Data records
____

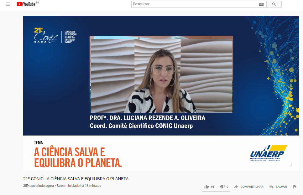 A 21ª edição do Conic - Congresso de Iniciação Científica e Pesquisa da Unaerp, realizada hoje, 11, foi a primeira promovida de forma totalmente on-line e conseguiu superar as expectativas dos organizadores do evento. Mais de 900 pessoas assistiram a transmissão ao vivo da cerimônia de abertura do Congresso pelo canal do YouTube da TV Unaerp e todos os 588 trabalhos selecionados foram apresentados, chegando a ter, no período da manhã, 105 salas virtuais abertas simultaneamente.
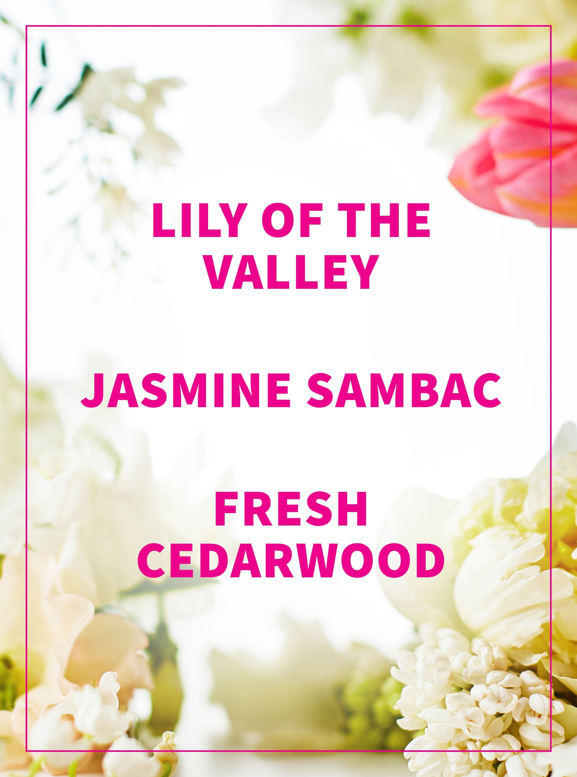Fragrance notes: lily of the valley, jasmine sambac, garden carnations and fresh cedarwood.
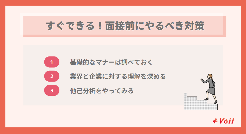 そのほかにも、基本的なマナーを調べ直したり、他己分析をしたりすることもおすすめです。
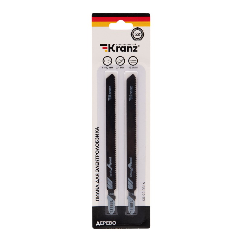Пилка для электролобзика по дереву T119BL 132 мм 12 зубьев на дюйм 4-100 мм (2 шт. /уп. ) Kranz
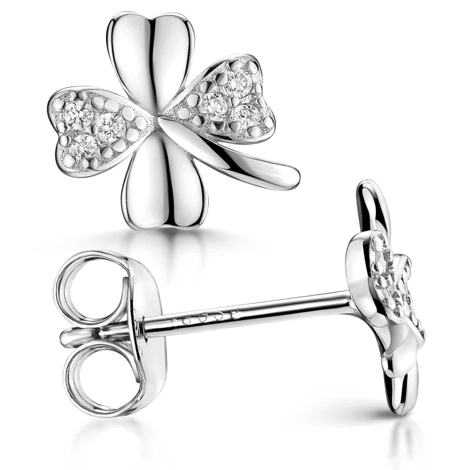 Kleeblatt Ohrstecker mit Zirkonia Steinen
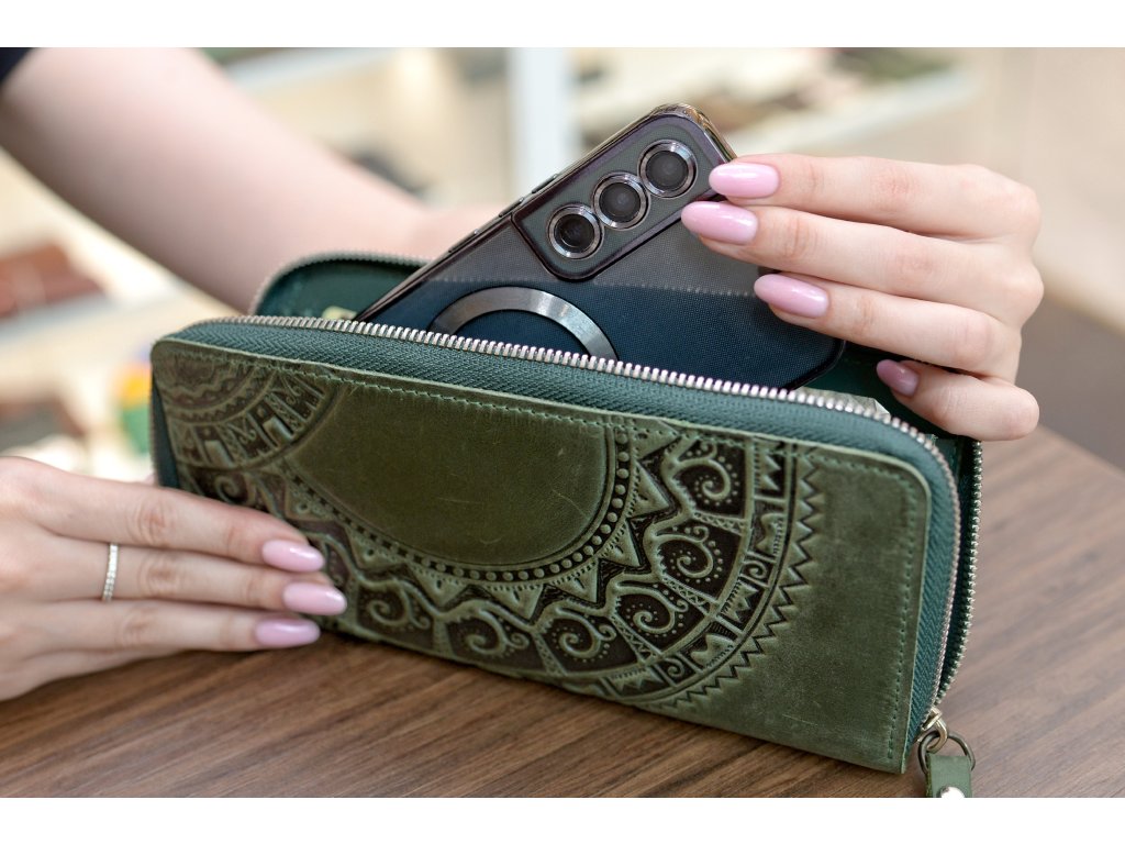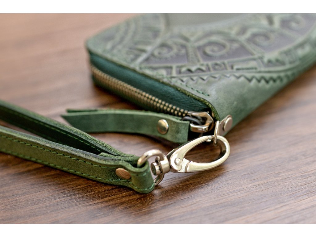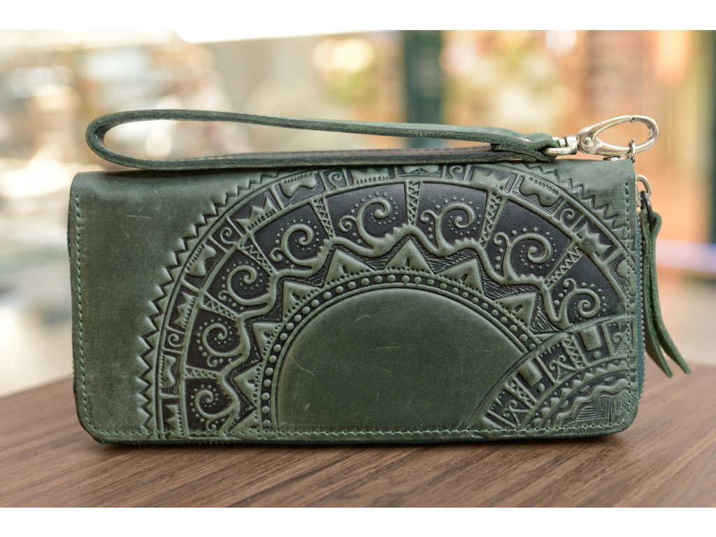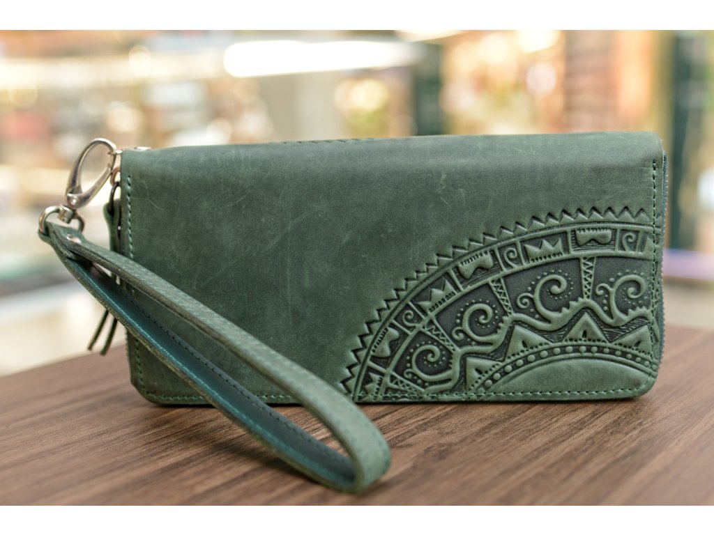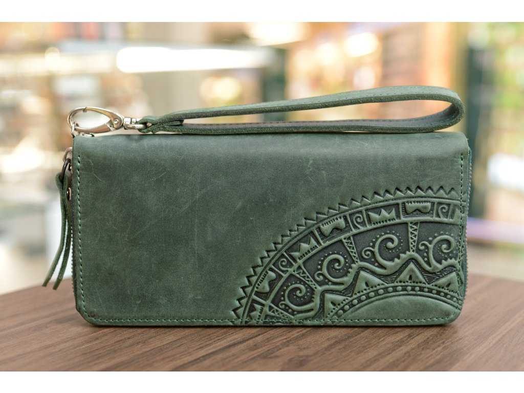 Peněženka velka na zip s reliéfem "HUCUL". Kůže "Crazy Horse" smaragdová

____

= Task details =
Reproduce the entries above word for word. Pictures stay out.

= Answer below =
 A 21ª edição do Conic - Congresso de Iniciação Científica e Pesquisa da Unaerp, realizada hoje, 11, foi a primeira promovida de forma totalmente on-line e conseguiu superar as expectativas dos organizadores do evento. Mais de 900 pessoas assistiram a transmissão ao vivo da cerimônia de abertura do Congresso pelo canal do YouTube da TV Unaerp e todos os 588 trabalhos selecionados foram apresentados, chegando a ter, no período da manhã, 105 salas virtuais abertas simultaneamente.
Fragrance notes: lily of the valley, jasmine sambac, garden carnations and fresh cedarwood.
 そのほかにも、基本的なマナーを調べ直したり、他己分析をしたりすることもおすすめです。
Пилка для электролобзика по дереву T119BL 132 мм 12 зубьев на дюйм 4-100 мм (2 шт. /уп. ) Kranz
 Kleeblatt Ohrstecker mit Zirkonia Steinen
 Peněženka velka na zip s reliéfem "HUCUL". Kůže "Crazy Horse" smaragdová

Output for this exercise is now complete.